Ephesians 5:25 "Husbands, love your wives, even as Christ also loved the church, and gave himself for it;"
Man was created first and was given headship over the woman and over creation. But their original relationship was so pure and perfect that his headship over her was a manifestation of his consuming love for her and her submission to him was a manifestation of her consuming love for him.
No selfishness or self will marred their relationship. Each lived for the other in perfect fulfillment of their created purpose and under God’s perfect provision and care. The Fall itself involved a perversion of marital roles and God’s curse because of the Fall also affected marriage.
Eve sinned not only in disobeying God’s specific command but in acting independently of her husband and failing to consult Adam about the serpent’s temptation. Adam sinned not only by disobeying God’s command but by succumbing to Eve’s leadership, thus failing to exercise his God given authority. Because of her disobedience, God cussed the woman to pain in childbirth and to a perverted desire to rule over man.
The man was cursed to toil, to difficulty, to frustration in wresting sustenance from the land, and to conflict with his wife over her submission.

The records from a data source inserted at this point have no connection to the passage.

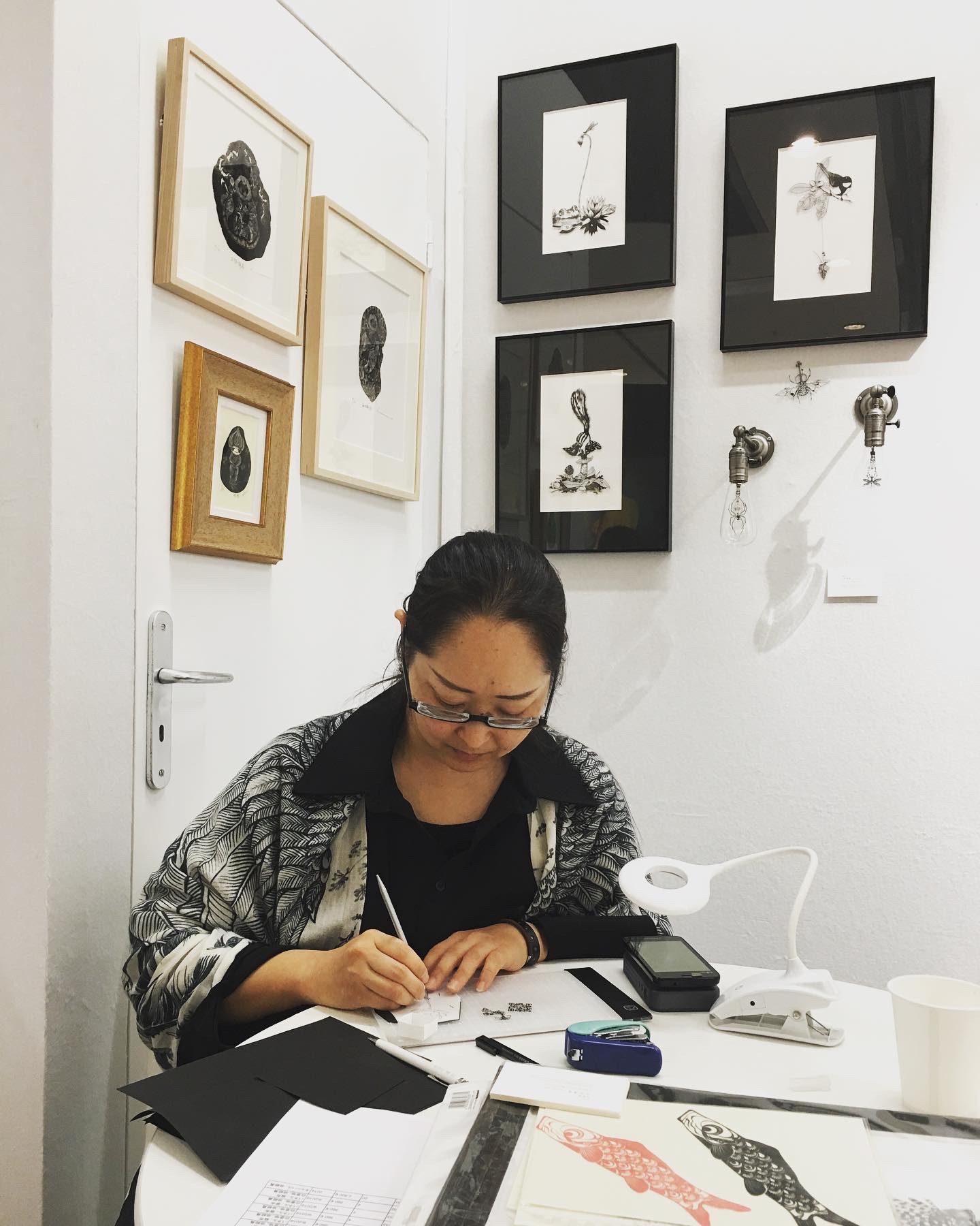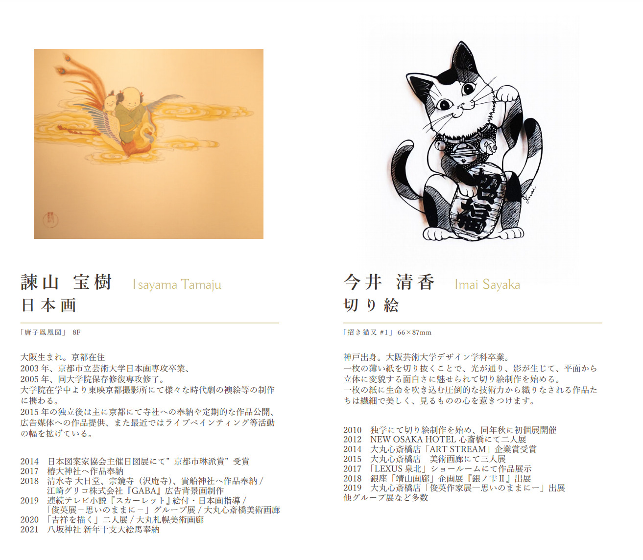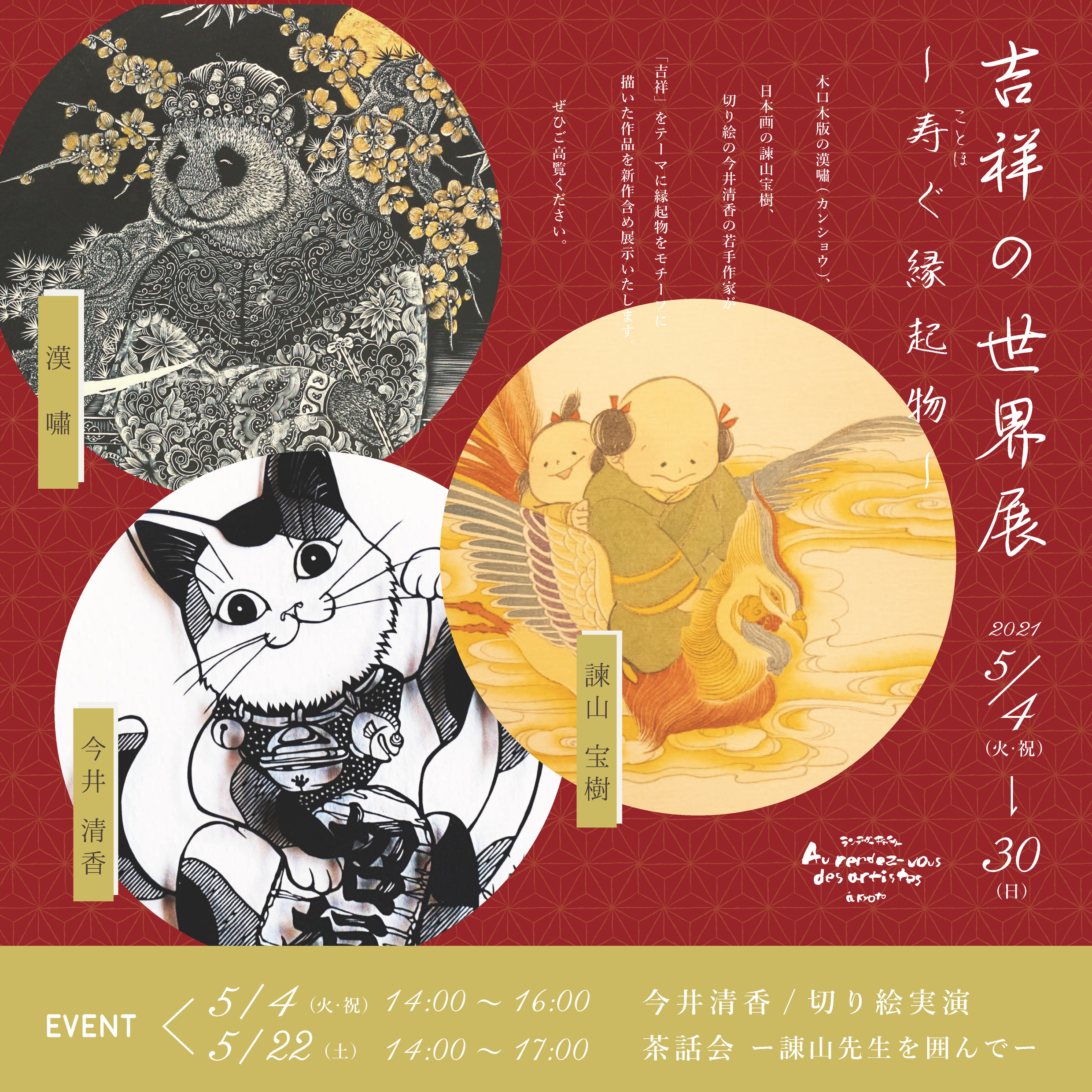 木口木版の漢嘯(カンショウ)、日本画の諫山宝樹、切り絵の今井清香の若手作家が「吉祥」をテーマに縁起物をモチーフに描いた作品を新作含め展示いたします。ぜひご高覧ください。
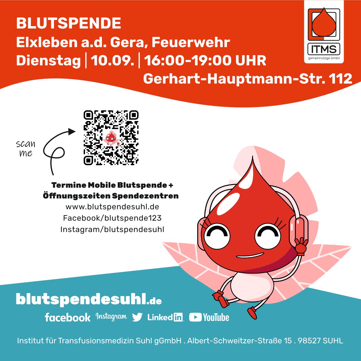 Der Freiwilligen Feuerwehr ist es gelungen, wieder ein Blutspendeteam nach Elxleben zu holen. „Nun liegt es an Euch die Spenderzahlen hoch zu halten, teilt den Termin allen Bekannten, Verwandten und Freunden mit.“, wünscht sich Ortsbrandmeister Andreas Wenzel im Namen der Kameradinnen und Kameraden, die die Spende seit jeher mit großem Engagement unterstützen.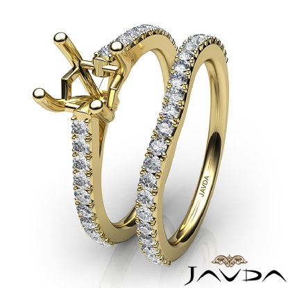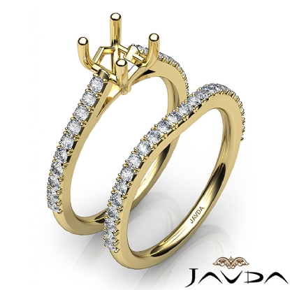 Get mesmerized with this asscher cut semi mount . bridal set, showcasing a diamond-laden V split Prong setting in shank, with a matching band. This engagement ring is framed against enduring 18k Gold Yellow. (0.8Ct. tw.)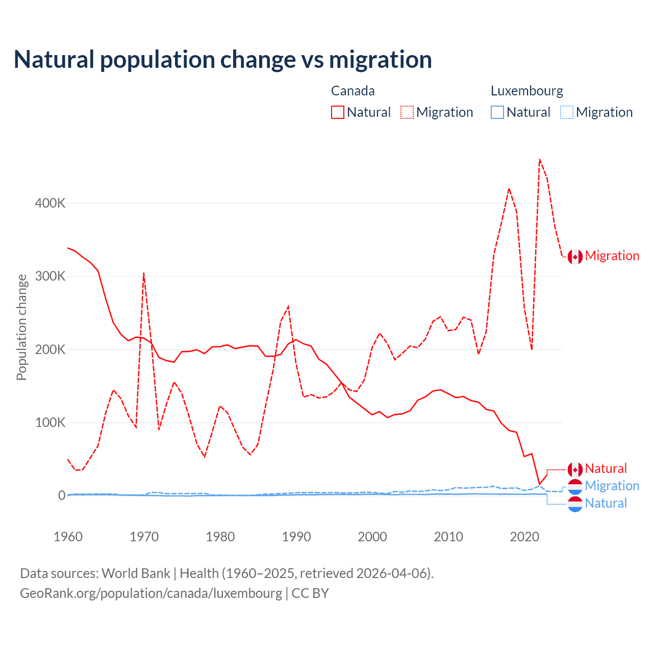 Over the last 10 years, 19.4% of the population change in Canada is from natural causes (a gain of 789,345 people) and 80.6% is from migration (a gain of 3,276,554 people). In Luxembourg 16.8% is from natural causes (a gain of 20,287 people) and 83.2% is from migration (a gain of 100,435 people).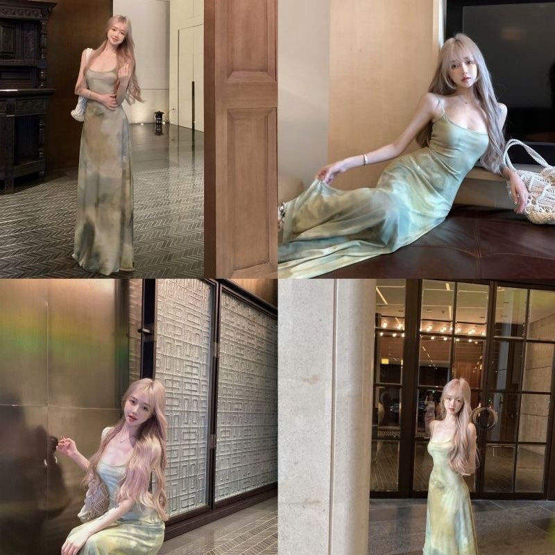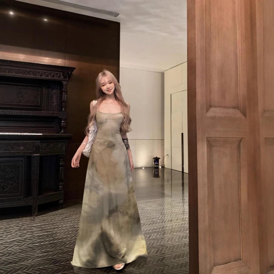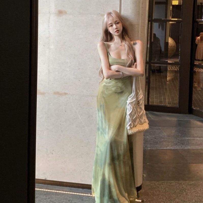 Vestido Maxi de Estilo Retro con Estampado Verde Claro, Tirantes Finos, Cintura Natural, Casual, Veraniego, Vintage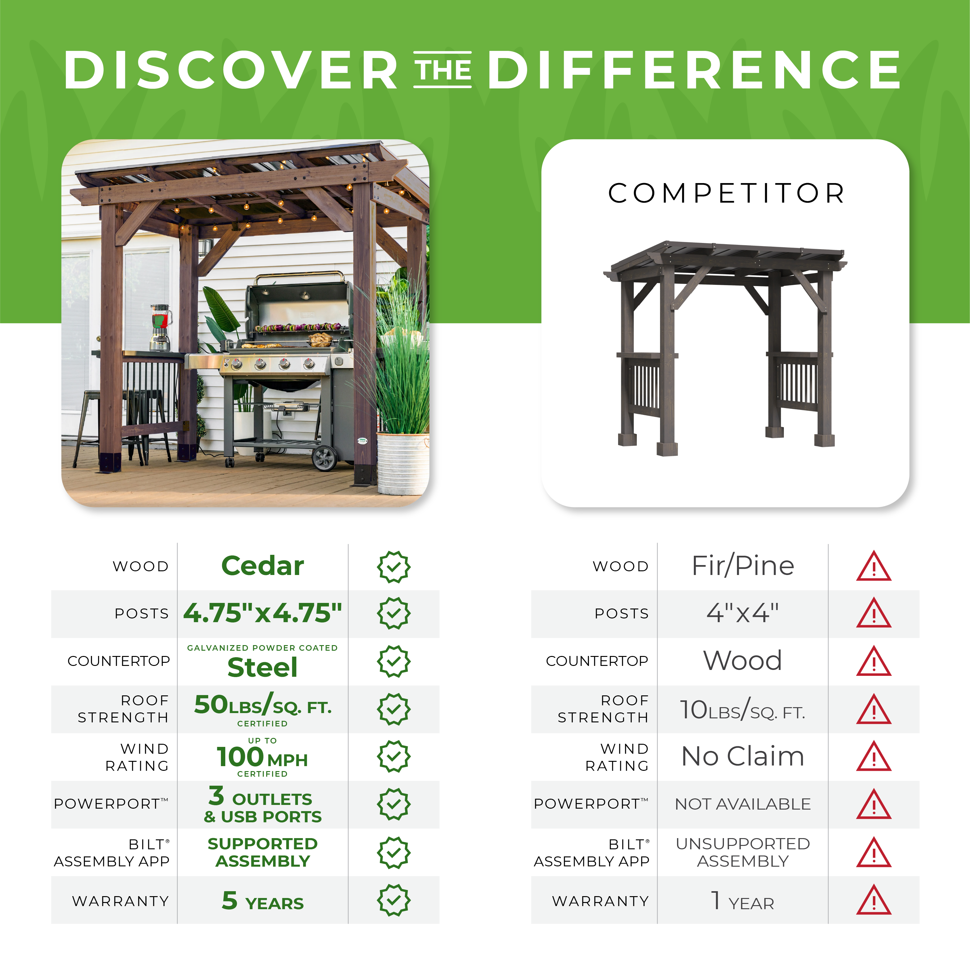 With space for grills up to 70” wide — and featuring our exclusive PowerPort™, steel countertops, customizable accessory hooks, and more — this grill gazebo is going to redefine what it’s like to cook and eat outdoors.

Both were cursed with death as the penalty for their sin (Gen. 3:16-19; Rom. 5:15-19). Marriage was corrupted because both the man and the woman twisted God’s plan for their relationship. They reversed their roles, and marriage has been a struggle ever since.
The command, husbands, love your wives, continues Paul’s explanation of the mutual submission mentioned (in verse 21). The husband’s primary submission to his wife is through his love for her, and the apostle makes clear that this is a boundless kind of love. Christ loved the church before He brought the church into existence. He chose and loved His own even “before the foundation of the world” (1:4), because God’s love is eternally present, having no past and no future.
“Love your wives”: Though the husband’s authority has been established (verses 22-24), the emphasis moves to the supreme responsibility of husbands in regard to their wives, which is to love them with the same unreserved, selfless, and sacrificial love that Christ has for His church.
Christ gave everything He had, including His own life, for the sake of His church, and that is the standard of sacrifice for a husband’s love of his wife (Col. 3:19).
God provides for husbands to love their wives with a measure of Christ’s own kind of love. The husband who submits to the Lord by being filled with His Spirit (verse 18), is able to love his wife with the same kind of love Jesus has for His own bride, the church. The Lord’s pattern of love for His church is the husband’s pattern of love for his wife.
The world’s love is always object oriented. A person is loved because of physical attractiveness, personality, wit, prestige, or some other such positive characteristic. In other words, the world loves those whom it deems worthy of love. And such love is necessarily fickle.
As soon as a person loses a positive characteristic, or that characteristic is no longer appealing, the love based on the characteristic also disappears. It is because so many husbands and wives have only that kind of fickle love for each other that their marriages fall apart. As soon as a partner loses his or her appeal, love is gone, because the basis for the love is gone.
God can command His own kind of love from those who belong to Him because He has given them the capacity to love as He loves (Romans 5:5; 1 Thess. 4:9), and because His commanded love must, therefore, be a matter of choice (James 2:8; 1 John 3:7, 16-18, 23; 4:7, 11). It is an act of the will as well as of the heart.
And it seems to be a principle that whatever we choose to love and practice loving soon becomes attractive to us. But a Christian’s loving with Christ’s kind of love is not based on the attractiveness of the one loved but on God’s command to love. Loving as Christ loves does not depend in the least on what others are in themselves, but entirely on what we are in Christ.
A husband is not commanded to love his wife because of what she is or is not. He is commanded to love her because it is God’s will for him to love her. It is certainly intended for a husband to admire and be attracted by his wife’s beauty, winsomeness, kindness, gentleness, or any other positive quality or virtue. But though such things bring great blessing and enjoyment, they are not the bond of marriage.
If every appealing characteristic and every virtue of his wife disappears, a husband is still under just as great an obligation to love her. If anything, he is under greater obligation, because her need for the healing and restorative power of his selfless love is greater. That is the kind of love every Christian husband is to have for his wife.
The Greek word rendered “love” is agape (Greek agapao), which denotes the willing sacrificial giving on the husband’s part for the benefit of his wife, without thought of return. As Christ “gave himself” for the church, so there is to be no sacrifice, not even the laying down of his life that a husband should not be willing to make for his wife.
The husband who loves his wife as Christ loves His church gives everything he has for his wife, including his life if necessary. If a loving husband is willing to sacrifice his life for his wife, he is certainly willing to make lesser sacrifices for her. He puts his own likes, desires, opinions, preferences, and welfare aside if that is required to please her and to meet her needs. He dies to self, in order to live for his wife, because that is what Christ’s kind of love demands. That is his submission.
The love of Christ was the agape love. This type of love is not because of what it can get in return, but is unselfish love which loves even the unlovable.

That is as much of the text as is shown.